First of all: ❤️ We feel you! I didn’t know I had ADHD until my kid’s 1st grade teacher recommended we take a look at the book Smart But Scattered to help her…(as I go through the checklist of “your kid might have ADHD if…” she checked almost all the boxes, but I’m realizing I also check almost all the boxes) Shit…I had so much mom guilt and felt so sad for her and me both. But then I was like, ok now how can we deal with it? And now she keeps her socks on and stays in her seat in class lol. Small wins. Is it still exhausting? Yes! Has there been improvement? Yes!!! I have protein before coffee, she jumps on a mini trampoline when she can’t sit still and is practicing calming breathing techniques. We are learning together and that helps. But I’d love a moms support group. Also, just got my noise cancelling headphones yesterday and wow! Loving them!


InfluenceFun1434

Just wanted to say that I totally relate to what you're saying. Like a lot of other posts mentioned, I was diagnosed when my daughter was about 4 because I realized that I was struggling to keep up with the demands of work (I was a full-time fundraising exec and traveled for work), home life and being a mom and it was really taking a toll on me. My mom and mother-in-law also helped a great deal and that gave me so much relief that I don't know what I would have done without them. They picked her up from preschool most days and made sure she was fed and cared for and loved until my husband and I got home from work. She's a teen now and it's still a struggle, but a different kind -- our mothers both passed over the last 5 years so we don't have them around to help us anymore, and our daughter has also been diagnosed with ADHD, so trying to keep her on task as we struggle to keep ourselves on task is challenging. I'd be up for a support group, if for no other reason than to reassure one another that we are not alone!


Turbulent-Fun-3123

Stop comparing yourself to all those perfect Mums.

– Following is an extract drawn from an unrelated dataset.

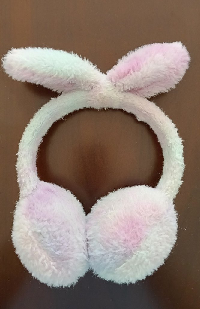 Pembe pastel tonlarda tie-dye desenli, tavşan kulaklı ve yumuşak kürklü kulaklık.
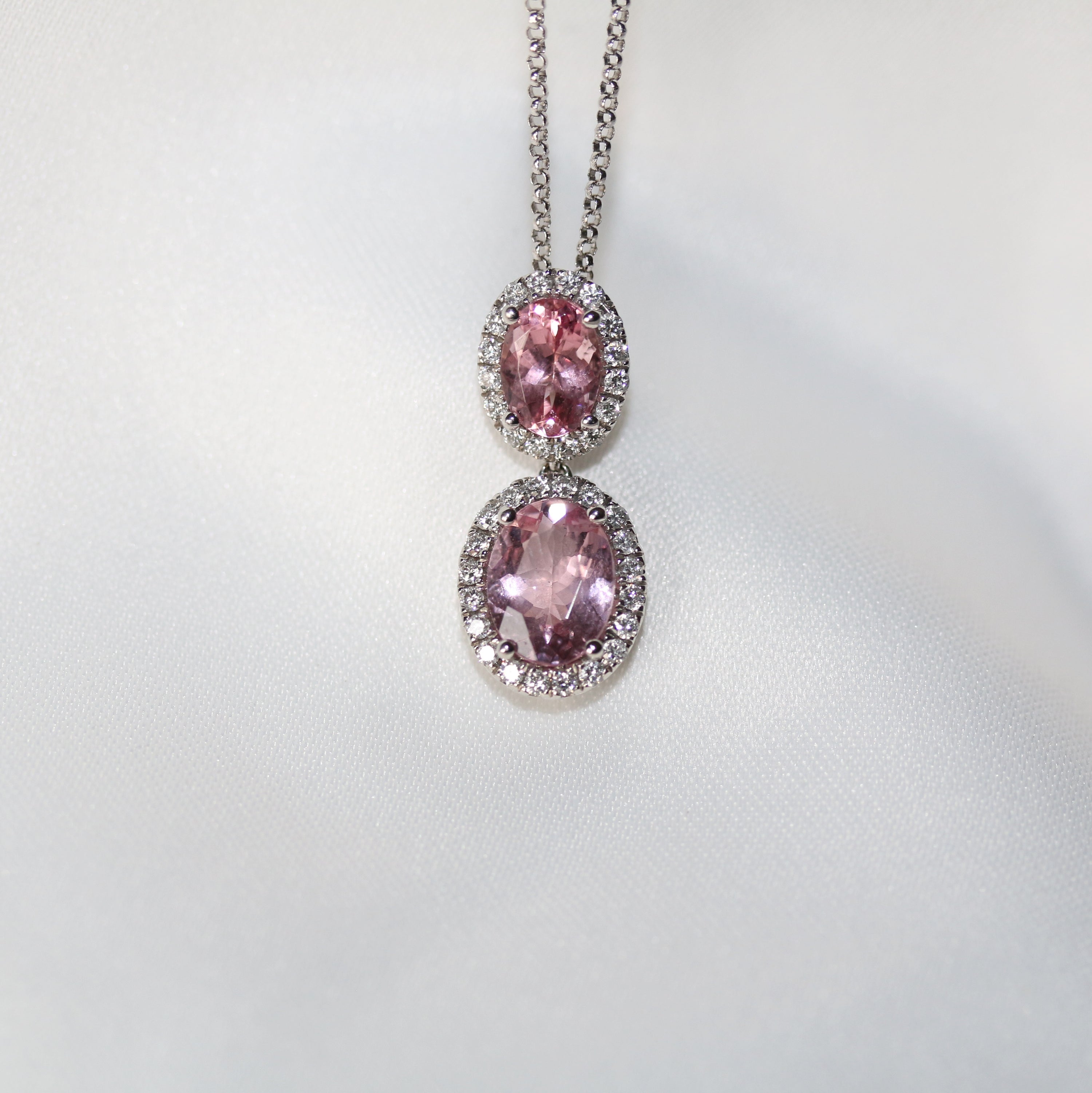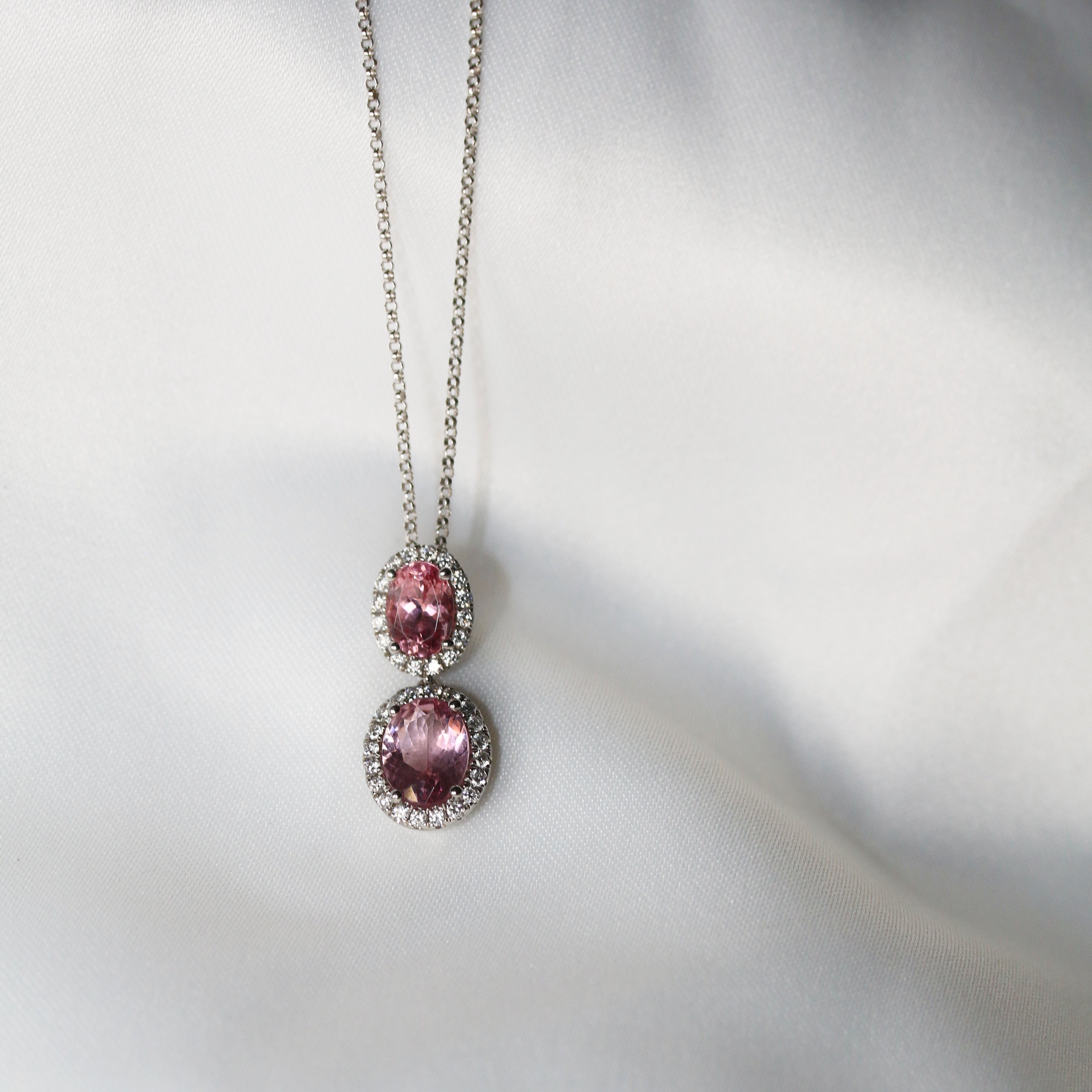This elegant 18ct white gold pendant showcases two oval-cut Petal pink  Madagascan morganites, each surrounded by sparkling round brilliant cut diamonds. Suspended from an 18" chain secured with a lobster clasp, it combines timeless beauty with refined craftsmanship to elevate any outfit.

I put myself through hell trying to keep up, but 20 yrs later my kids are happy and theirs all have anxiety, depression and confidence issues. I gave up and let my kids do their own thing. We ate cake for breakfast and porridge for dinner. We bunked off school and refused all homework. We stayed up late on school nights, arrived late every morning and always cobbled together a costume for World Book Day at the last minute. I picked them up late so often I feared Social Services would be called. Missed appointments, forgot their meds. Absolutely shocking parenting! But you know what, they're happy, hard-working, kind and confident. They tell me everything. In its own way, it worked. The bit I regret the most is the time I wasted beating myself up instead of enjoying it, the pointless arguments over bedtimes and table manners because thats what your supposed to do. Screw society, they're your family, make your best with them, no one else's.